# [Work order]
Restate the listing below word for word; no pictures belong in the copy.
━━━━━ Information shown ━━━━━
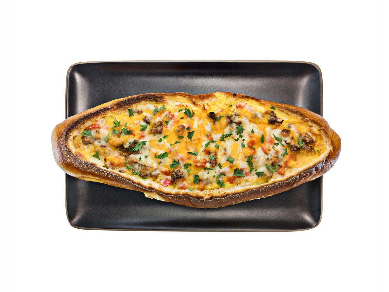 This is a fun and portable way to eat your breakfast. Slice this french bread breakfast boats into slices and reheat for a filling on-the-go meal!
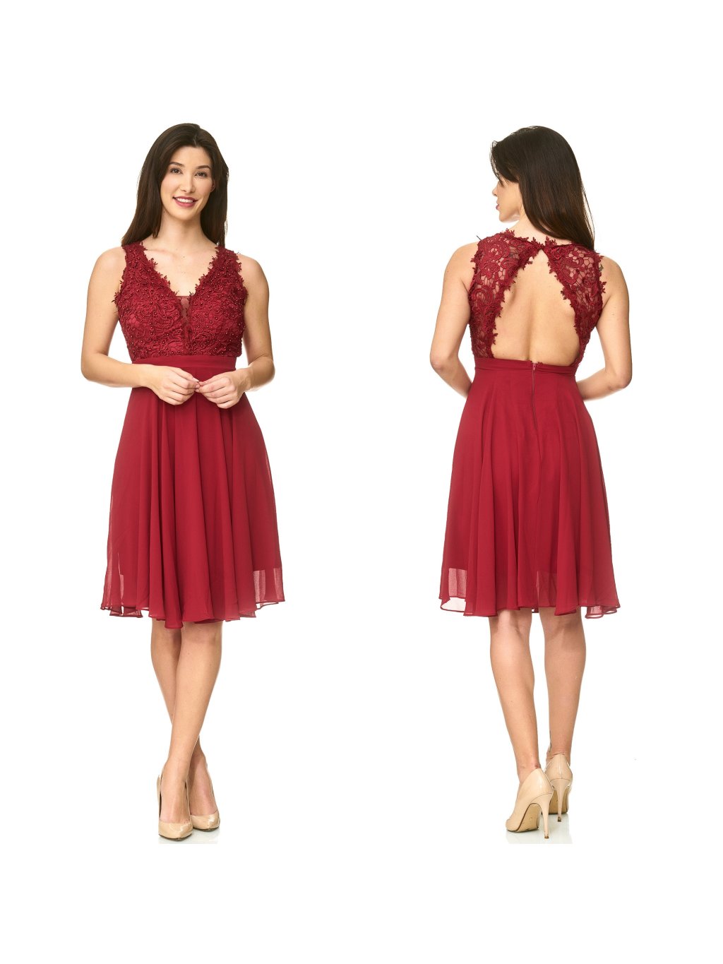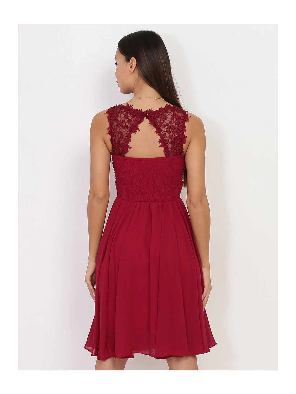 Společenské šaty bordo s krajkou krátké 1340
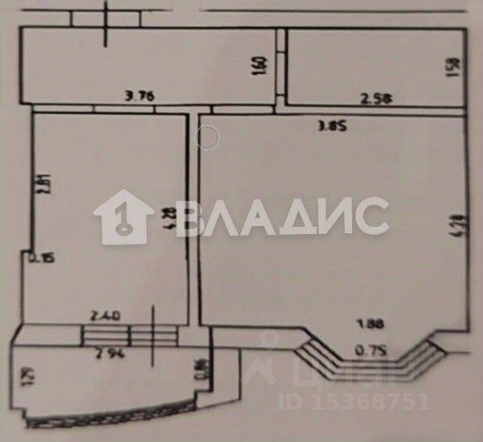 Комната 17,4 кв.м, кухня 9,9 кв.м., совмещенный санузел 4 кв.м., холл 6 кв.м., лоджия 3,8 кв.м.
━━━━━
# [Exercise result]
 This is a fun and portable way to eat your breakfast. Slice this french bread breakfast boats into slices and reheat for a filling on-the-go meal!
 Společenské šaty bordo s krajkou krátké 1340
 Комната 17,4 кв.м, кухня 9,9 кв.м., совмещенный санузел 4 кв.м., холл 6 кв.м., лоджия 3,8 кв.м.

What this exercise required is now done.